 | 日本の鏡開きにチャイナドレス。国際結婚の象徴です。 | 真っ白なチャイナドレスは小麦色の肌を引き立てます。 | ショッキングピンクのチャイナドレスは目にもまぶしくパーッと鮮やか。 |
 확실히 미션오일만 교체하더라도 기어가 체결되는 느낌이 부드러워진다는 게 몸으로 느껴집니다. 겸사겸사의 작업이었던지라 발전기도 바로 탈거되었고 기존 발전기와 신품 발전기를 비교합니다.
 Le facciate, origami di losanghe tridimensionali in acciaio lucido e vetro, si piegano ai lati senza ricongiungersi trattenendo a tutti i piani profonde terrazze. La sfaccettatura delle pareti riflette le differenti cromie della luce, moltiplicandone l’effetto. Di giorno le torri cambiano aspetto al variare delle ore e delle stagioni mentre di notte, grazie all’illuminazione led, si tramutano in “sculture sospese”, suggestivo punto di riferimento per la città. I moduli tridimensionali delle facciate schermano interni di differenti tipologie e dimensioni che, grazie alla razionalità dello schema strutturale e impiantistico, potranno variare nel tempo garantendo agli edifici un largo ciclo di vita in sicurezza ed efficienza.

.....

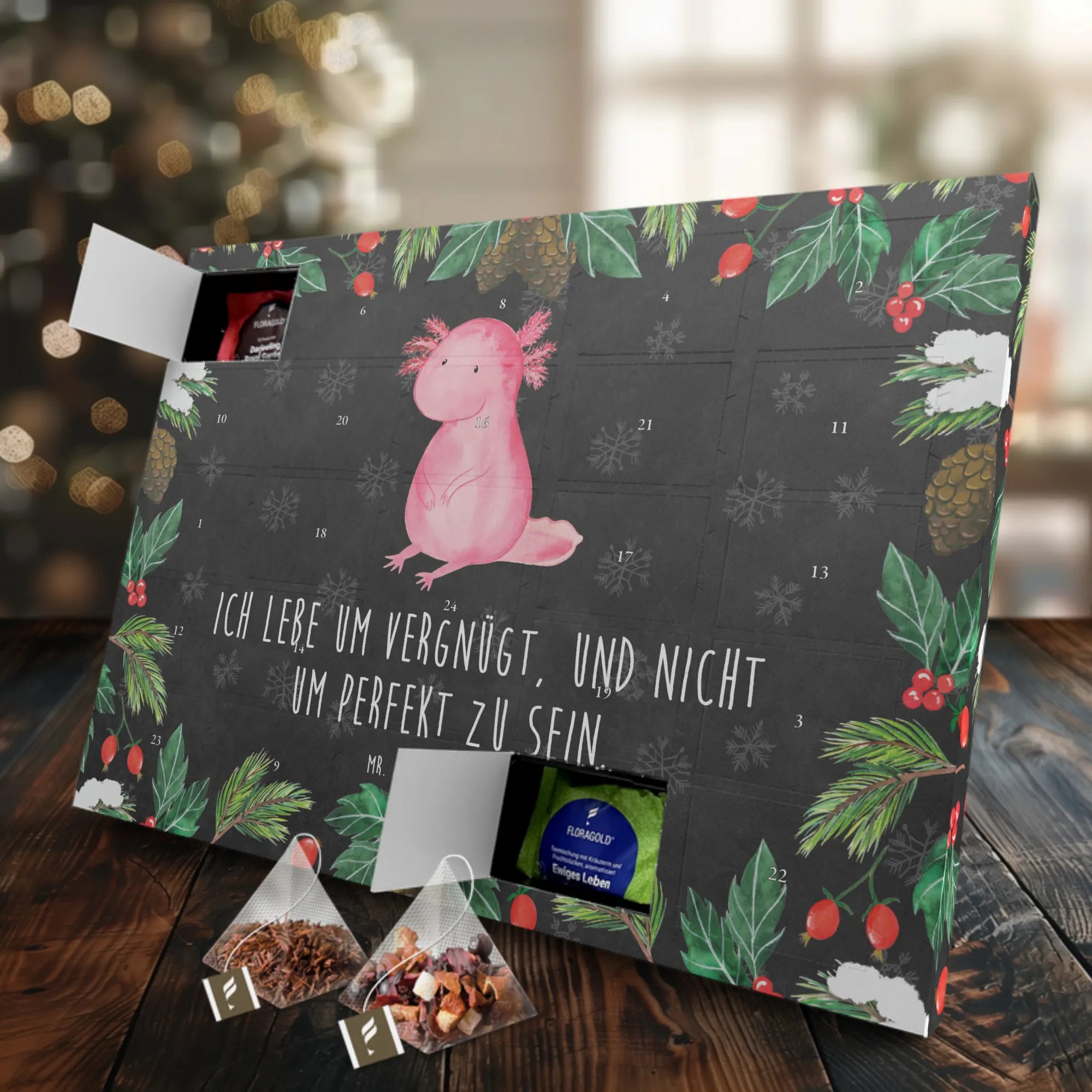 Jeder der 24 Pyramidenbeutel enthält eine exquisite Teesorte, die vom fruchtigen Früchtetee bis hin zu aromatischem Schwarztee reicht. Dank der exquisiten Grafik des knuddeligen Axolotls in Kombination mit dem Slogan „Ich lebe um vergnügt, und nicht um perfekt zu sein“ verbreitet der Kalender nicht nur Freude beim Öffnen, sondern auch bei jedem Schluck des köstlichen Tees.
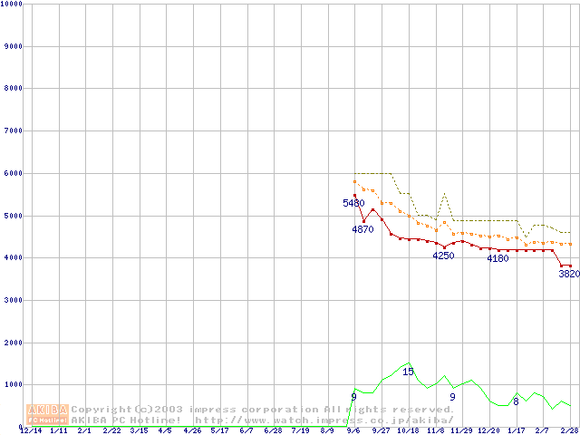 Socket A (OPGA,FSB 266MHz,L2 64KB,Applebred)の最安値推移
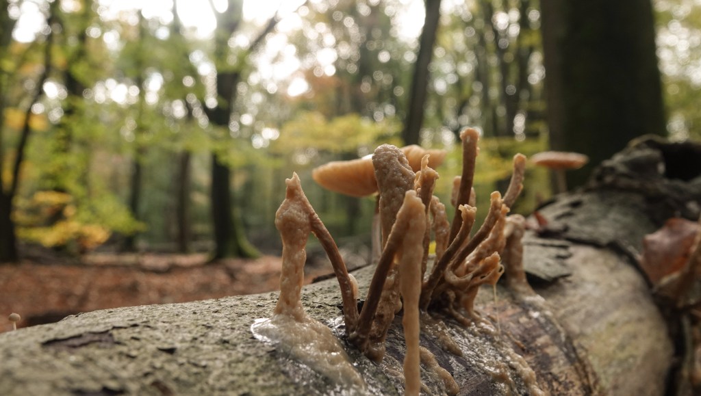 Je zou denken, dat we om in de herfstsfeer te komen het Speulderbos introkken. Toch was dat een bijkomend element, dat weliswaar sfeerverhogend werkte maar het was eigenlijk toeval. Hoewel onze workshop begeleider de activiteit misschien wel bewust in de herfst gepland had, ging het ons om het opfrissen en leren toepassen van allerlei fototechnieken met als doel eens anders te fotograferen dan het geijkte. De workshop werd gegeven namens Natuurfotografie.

.....

## Brief
After locating the line with "真っ白なチャイナドレスは小麦色の肌を引き立てます。 | ショッキングピンクのチャイナドレスは目にもまぶしくパーッと鮮やか。 |" in the material above, return it and each line after it exactly, ending at the line with "확실히 미션오일만 교체하더라도".

## Output of the task
 | 日本の鏡開きにチャイナドレス。国際結婚の象徴です。 | 真っ白なチャイナドレスは小麦色の肌を引き立てます。 | ショッキングピンクのチャイナドレスは目にもまぶしくパーッと鮮やか。 |
 확실히 미션오일만 교체하더라도 기어가 체결되는 느낌이 부드러워진다는 게 몸으로 느껴집니다. 겸사겸사의 작업이었던지라 발전기도 바로 탈거되었고 기존 발전기와 신품 발전기를 비교합니다.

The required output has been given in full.